The Financial Times is adopting a digital first approach, as detailed yesterday in a memo from editor-in-chief Lionel Barber to staff, published in the Guardian. “We need to ensure that we are serving a digital platform first, and a newspaper second,” Barber wrote, inspired by a visit to Silicon Valley last year which, for him, “confirmed the speed of change.”
The memo focused on the importance of proactively adapting to the new digital age, at a time when 25% of the FT’s online traffic now comes from mobile. The FT will be launching new digital products and services, Barber said, such as a new Weekend FT app and “Fast FT” for markets.
A key aspect of the changes is reducing the cost of producing a newspaper and subsequently increasing investments online.
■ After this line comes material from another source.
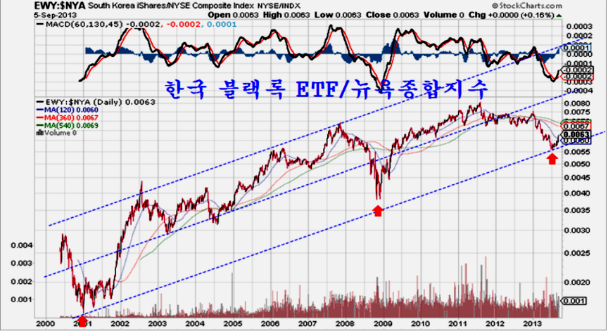 블랙록의 한국 펀드 ETF 를 뉴욕종합주가지수로 나눈 상대비율의 변화를 보면 분명 2002년이나 2009년처럼 분명한 전환이 일어나고 있다. 즉, 미국증시가 올라야 한국이 오르는 것이 아니라 한국증시가 먼저 오르고 뉴욕증시가 오르는 국면으로 전환이 되어 있다. 따라서, 앞으로는 미국의 투자자들이 한국 시장을 보면서 저녁시간을 보내는 일이 많아진다.

Some resources will be shifted from print to digital, and journalists will be trained “to operate to the best of their abilities,” Barber wrote. The paper is about to launch a voluntary redundancy scheme in an attempt to reduce costs by £1.6m this year. It plans to lose 35 of its current staff, while introducing 10 more digital jobs.
“We need to become content editors rather than page editors,” he said, emphasizing this essential change in mindset, while calling for all to “think harder about a more dynamic and inter-active form of FT journalism beyond the printed word.” It will be a "big cultural shift," he believes.